All this and Raquel Welch as Lust, too! In a bikini!
5. David Warner as Evil, The Time Bandits, 1981
I must confess, this flick was rather an influence on me...it came out when I was working on the first Samurai Cat book, and there have been a number of SC scenes that have had a Time Banditish tone...the Cat stories, of course, feature a lot of bouncing around between historical periods and alternate worlds, and there's a bunch of that in TB...I'd already established that format for the stories, but I took a close look at what Terry Gilliam was doing.Der Kampfburg was directly inspired by the Fortress of Ultimate Darkness, and it would be fair to say that my latest book, Yark, has a pretty Gilliamesque feel, part Time Bandits, part Brazil. Quite apart from the stuff I semi-cribbed, I was really impressed by the low-tech approach that Gilliam took on TB; the film had great FX, primarily achieved with simple camera tricks and practical work.

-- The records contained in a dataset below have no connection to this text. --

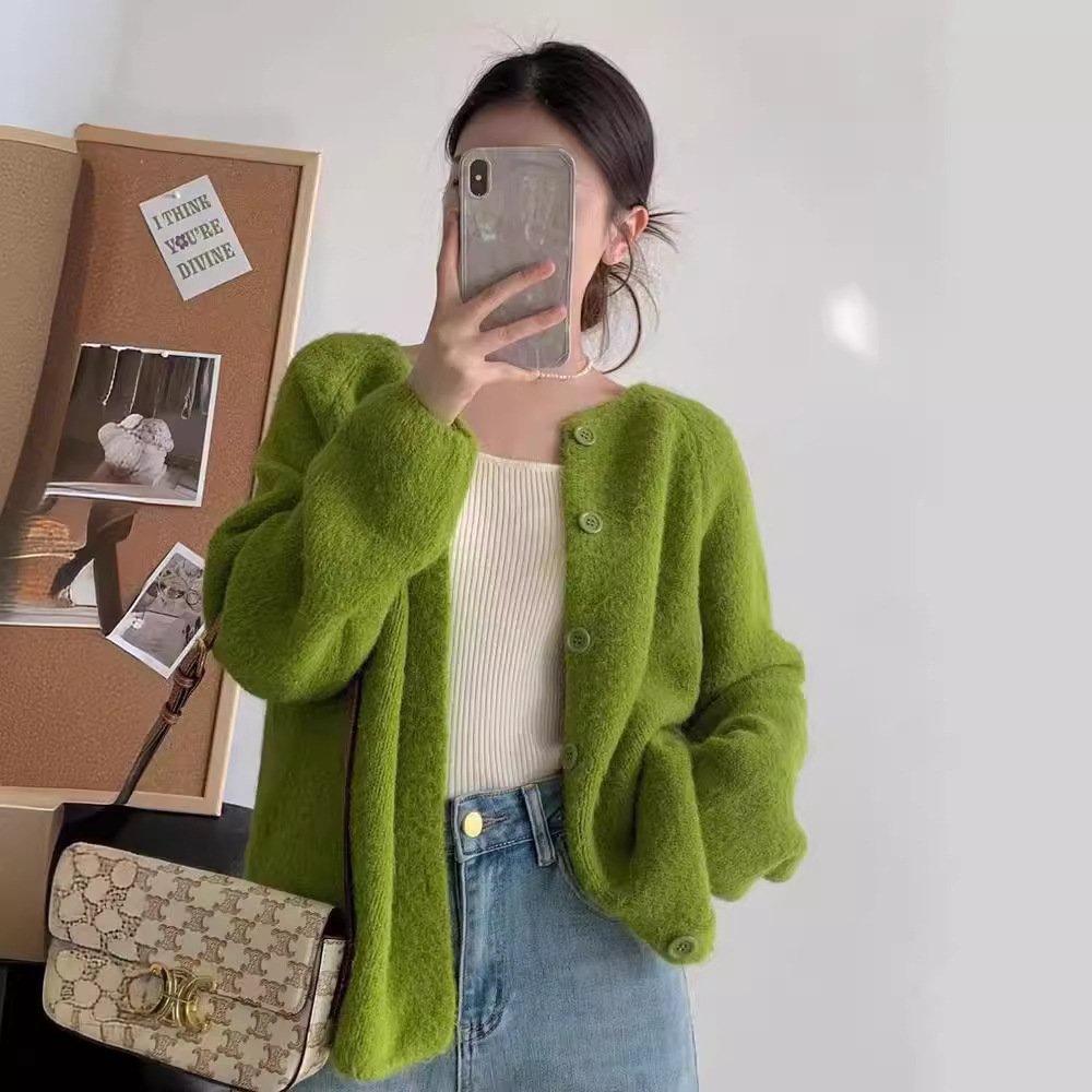 | nameOriginal | All-Match Gentle Soft Waxy Knitted Cardigan Women's 2024 Autumn and Winter New Green Loose Long-Sleeved Sweater Jacket |
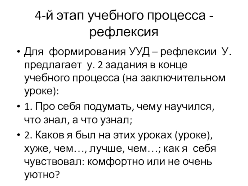 предлагает у. 2 задания в конце учебного процесса (на заключительном уроке):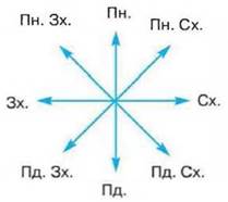 Горизонт. Видиму частину земної поверхні у вигляді кола, на яке нібито спирається небосхил, називають горизонтом (мал. 18). Лінію злиття небосхилу й горизонту називають лінією горизонту. Ви вже вивчали основні й проміжні сторони горизонту. Пригадайте їх. Основні сторони горизонту — північ, південь, захід, схід. Проміжними сторонами горизонту є: північний схід, південний схід, південний захід, північний захід (мал. 19).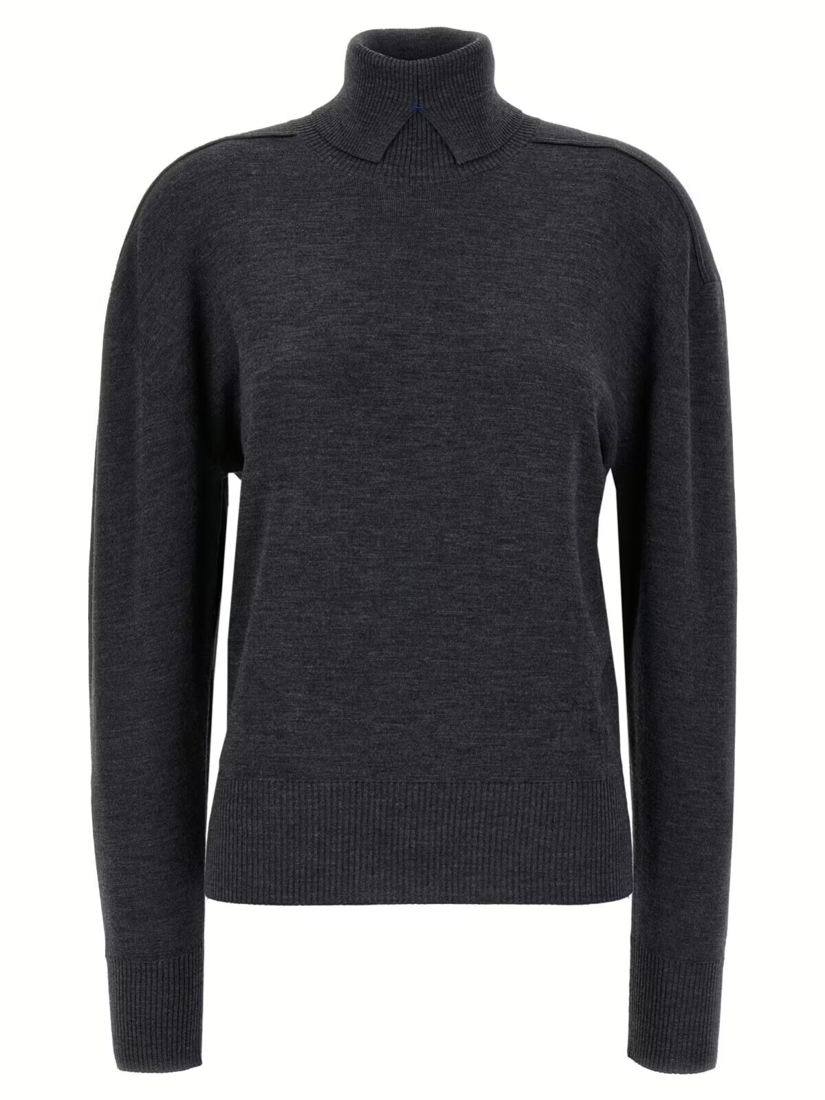 Сірий жіночий светр Burberry з високим коміром — це втілення елегантності та бездоганного стилю, створене з 100% вовни, що забезпечує неймовірну м’якість і тепло. Інноваційний дизайн з довгими рукавами з манжетами підкреслює жіночність, водночас даруючи відчуття комфорту та затишку. Цей светр ідеально підходить для створення як повсякденних, так і вечірніх образів, завдяки своїй універсальності, що дозволяє поєднувати його з різними елементами гардеробу. Виконаний з високоякісних матеріалів, він демонструє вишуканий смак та статус свого власника, підкреслюючи його унікальність у світі моди. Burberry дотримується екологічних стандартів, тому ви можете насолоджуватись цим виробом, знаючи, що ваша покупка є відповідальною та свідомою. Цей светр стане справжнім акцентом у вашому гардеробі, надаючи кожному образу нотку розкоші та стилю.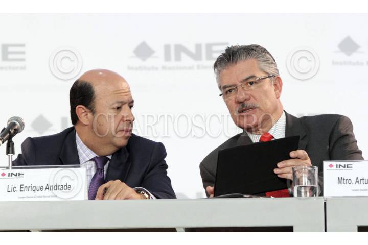 MÉXICO, D.F., 11JUNIO2015.- Los consejeros electorales Enrique Andrade González y Arturo Sánchez Gutiérrez, durante la conferencia de prensa de Comisiones Unidas del INE en las instalaciones de la macrosala de prensa del Instituto. FOTO: CUARTOSCURO.COM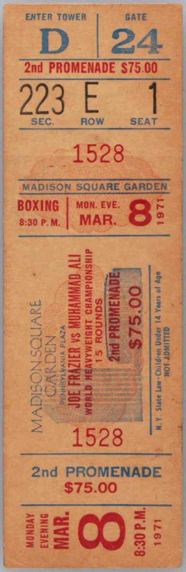 Auction Prices Realized Tickets 1971 BOXING-FULL Frazier Vs. Ali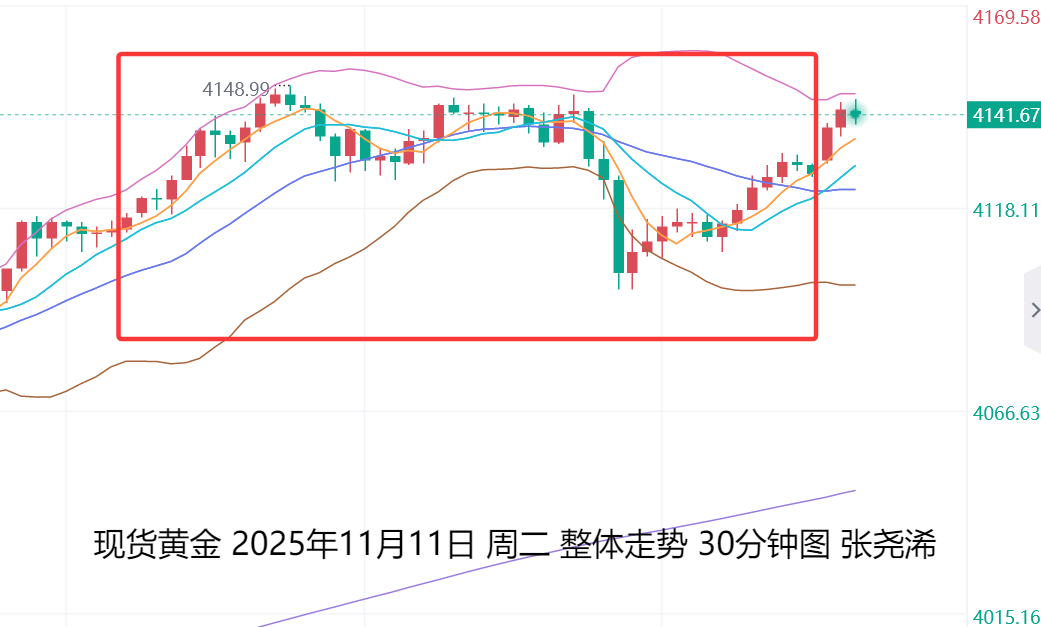 上交易日周二(11月11日):国际黄金震荡收涨,虽有一定的反弹见顶预期,但仍在中轨等均线上方,多头占据优势,基本面上也无明显利空因素,故此,短期仍将继续维持看涨反弹,等待触及4250美元附近。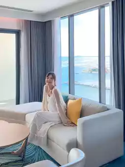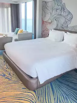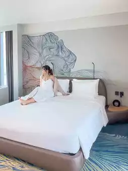Novotel Marina Sriracha, a 4-star hotel by the sea in Sriracha, the Junior Suite (Balcony, Sea View, 1 king size bed) is the only room type in the hotel that can see both the sea view and the city view of Sriracha from the bed.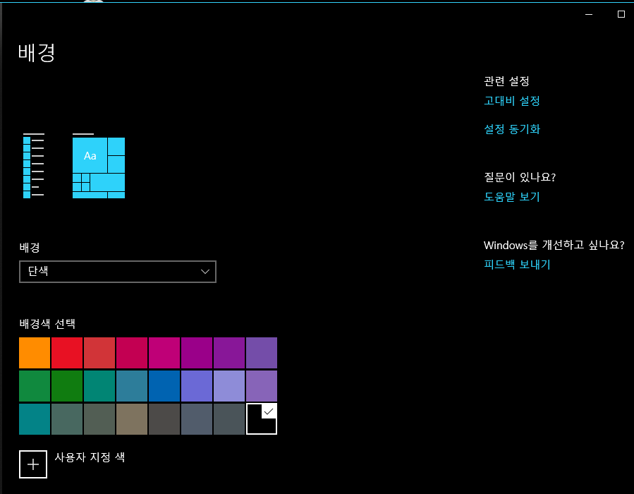 ▲ 저는 단색 바탕화면 설정을 좋아합니다. 가장 깔끔한 바탕화면이 아닐까 생각되는데요. 하단에 '사용자 지정 색' 메뉴를 통해 위에 제시된 색상 이외에도 세부적인 색상으로 배경화면을 변경할 수 있습니다.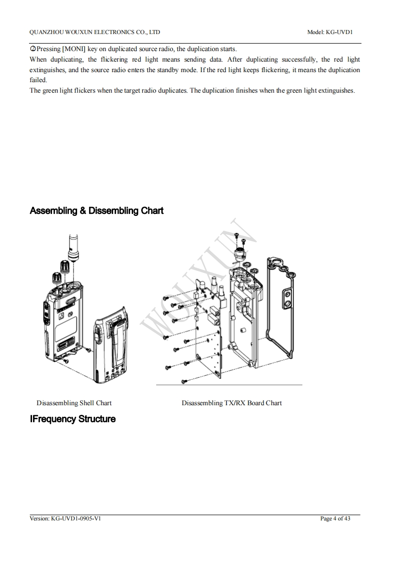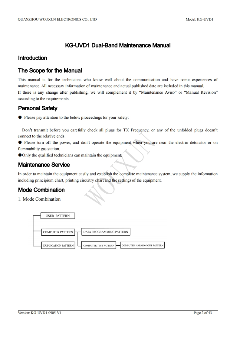 UVD1PService操作说明书手册找手册网22小时前发布关注私信3.86MB43页029UVD1PService操作说明书手册此内容为付费资源,请付费后查看¥19¥21黄金会员免费钻石会员免费立即购买您当前未登录!建议登陆后购买,可保存购买订单付费资源 第1页 / 共43页 第2页 / 共43页 第3页 / 共43页 第4页 / 共43页 第5页 / 共43页 第6页 / 共43页 第7页 / 共43页 第8页 / 共43页 第9页 / 共43页 第10页 / 共43页 试读已结束,还剩33页,您可下载完整版后进行离线阅读 THE END欧讯 文本预览 QUANZHOU WOUXUN ELECTRONICS CO.,LTDModel:KG-UVDIService Manual:4Model:KG-UVD1Version:KG-UVD1-0905-V1QUANZHOU WOUXUN ELECTRONICS CO.,LTDVersion:KG-UVD1-0905-V1Page 1 of 43 查看更多 收起部分 喜欢就支持一下吧收藏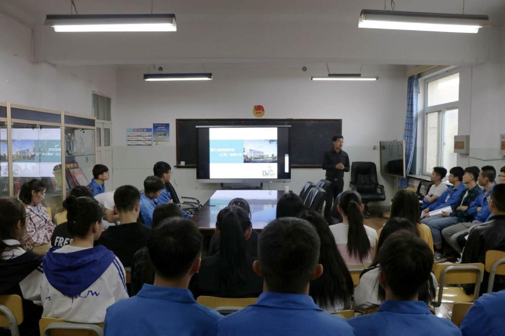 宣讲会现场,企业负责人通过PPT演示介绍了公司背景、企业文化,企业员工培养模式、企业目前的发展状况及发展前景等。随后,企业负责人在薪酬福利、员工待遇等方面作了详细讲解,现场同学对公司也有了更加深入的了解。企业负责人与同学们互动交流,宣讲会在轻松的氛围下进行。
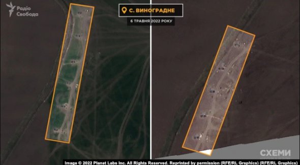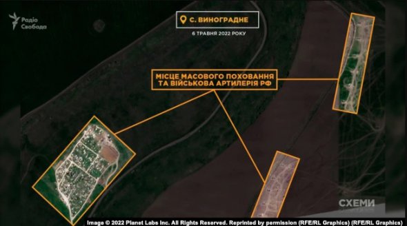 Неподалік від кладовища у селі Виноградне 6 травня супутник також зафіксував військову техніку РФ. Військові експерти, до яких звернулись журналісти, розпізнали машини артилерії.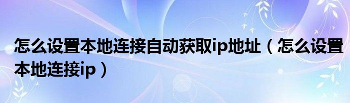 大家好,来宝来为大家解答以下问题,怎么设置本地连接自动获取ip地址,怎么设置本地连接ip很多人还不知道,今天让我们一起来看看吧!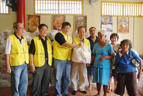中新网2月9日电 据印尼《星洲日报》报道,印尼潮州乡亲公会于周日(2月7日),在福利部主任陈俊城的率领下,前往丹格朗齐天大圣庙济贫,捐献200份爱心礼包给这间庙附近的贫困人士。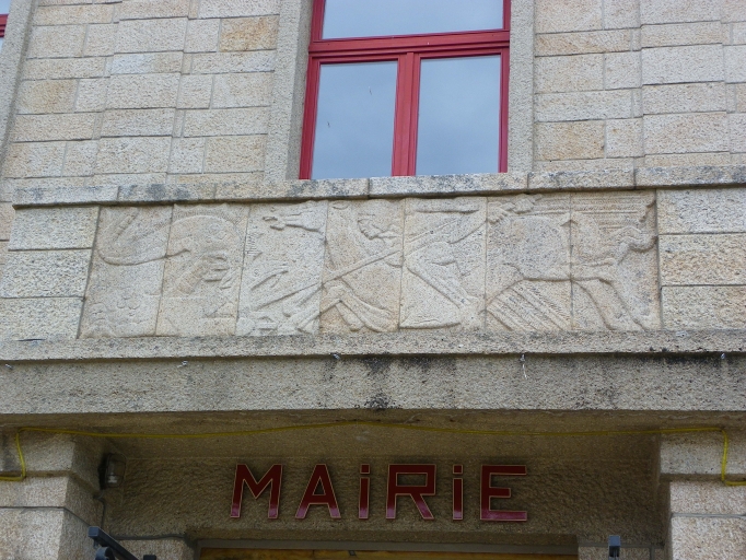 L'actuel Hôtel de Ville a été construit en 1957, en lieu et place de l´ancienne Halle-Mairie. Cette dernière avait elle même été reconstruite au milieu du 19e siècle à l'emplacement de halles encore plus anciennes. Une expertise menée en 1818 par le maire de Mellé dans le cadre d'un contentieux entre le propriétaire, le seigneur de Poilley, et la municipalité, nous offre la description suivante du bâtiment : " La halle de Saint-Georges se compose de deux ailes dont l´une se prolonge vers le midi et l´autre longe la rue principale. La première est soutenue par douze piliers en pierre dont les intervalles sont maçonnés à la hauteur de 325 mm (32,5 cm), ayant en longueur 17,55 mètres sur 6,5 mètres. La Charpente se forme de six liaisons sur entraits, sablières doubles, deux filières et un poinçon à simples liens, le tout sans plancher, nous avons comptés 72 chevrons sciés. La couverture sur lattes en rondin et de chaumes. (...) La seconde aile est supportée par huit piliers construits de la même dimension que ceux de la première, dont quatre annoncent ruine prochaine. Pignon en pierre au levant jusqu´à l´arras (?) et aiguille en terre qui forment liaison. Quatre liaisons composent la charpente, lesquelles sont sur entraits. Nous avons compté 49 chevrons sciés, couverture en paille sur latte de rondin." A partir de 1840, les halles sont "reconstruites" (mais quels furent les travaux exacts ?) par M. Le Duc, entrepreneur à Louvigné-du Désert. Le montant total des travaux s'élevera à 15530,05 francs.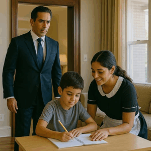 He followed the sound down the corridor, his shoes barely making a sound on the marble floor. As he reached the study door, he heard a woman’s voice—soft, patient, and filled with warmth.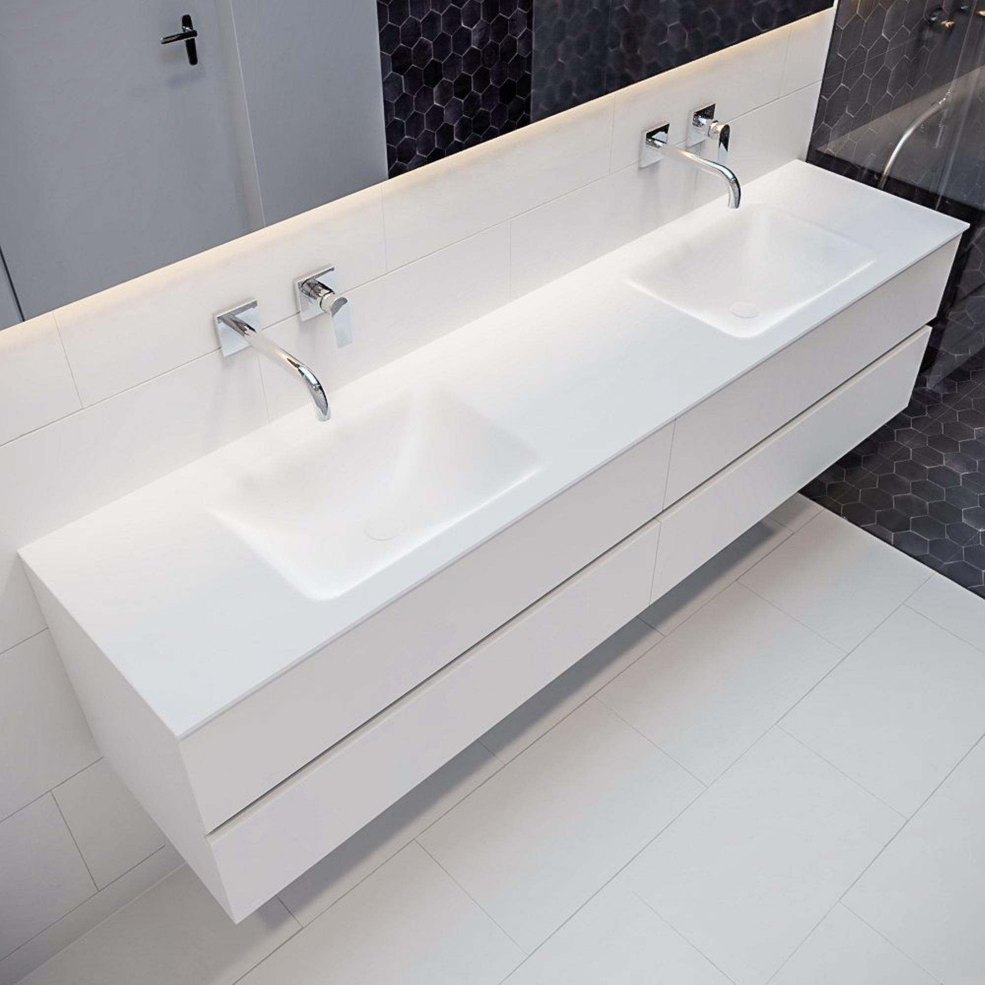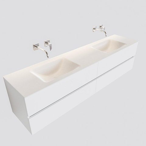 MONDIAZ VICA Badkamermeubelset - 200cm - 4 lades - wasbak Cloud dubbel - 0 kraangaten - solid surface talc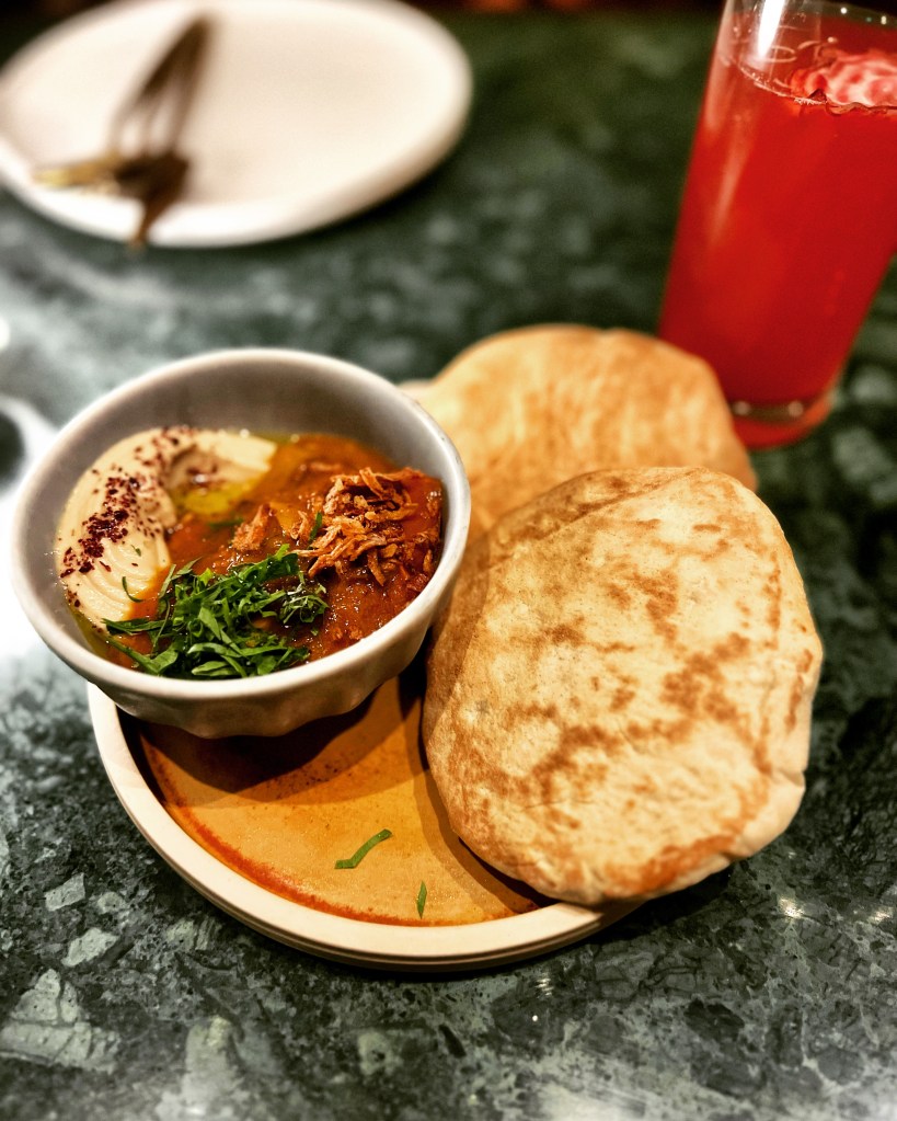 The drinks menu extends from contemporary twists on old Israeli favourites to fermented fruit and herbs combined with vodka and arak. I went for The Glory Mole (£15). A mix of tequila, hibiscus, cardamom, ginger, lime and soda, this tasted like a herby meets fruity (and boozy) taste of old Tel Aviv. Very fresh and light.

And then you have the occupant of the Fortress of Ultimate Darkness, David Warner's Evil. He's physically trapped in his huge crumbling stronghold, but he can extend his influence through many dimensions ("Stand by for Mind control!") and is responsible (like George Spiggott) for the shoddy mechanistic shittiness of modern life. Surrounded by plastic wrap and lots of ducts, he promotes evil and stupidity while fulminating about God's creation: "Thirty-seven species of parrot, nipples for men!" When the Time Bandits steal a map from the Supreme Being that shows where all the holes in time and space are, Evil decides he could use it to escape from his fortress,and lures the bandits, via the aforementioned mind control ("I've got an idea, forming in my head," says Og, the dimmest bandit), to his realm, whereupon he steals the map and hangs the dwarves in cages over a yawning void. They escape, however, (this sequence being one of my favorite things ever) get the map back, and use it to summon good guys from all over history to fight Evil, only to watch in horror as he wipes each and every hero out, some of them in pretty damn gruesome fashion. Of all the devils on this list, Evil is the biggest badass, and I like that. Ultimately, he's only defeated by direct divine intervention. God carbonizes him, then manifests Himself in the form of Sir Ralph Richardson, who looks at what's left of his terrible creation and rubs his hands and says with evident artistic pride, saying, "I think he turned out pretty well," and we find ourselves agreeing...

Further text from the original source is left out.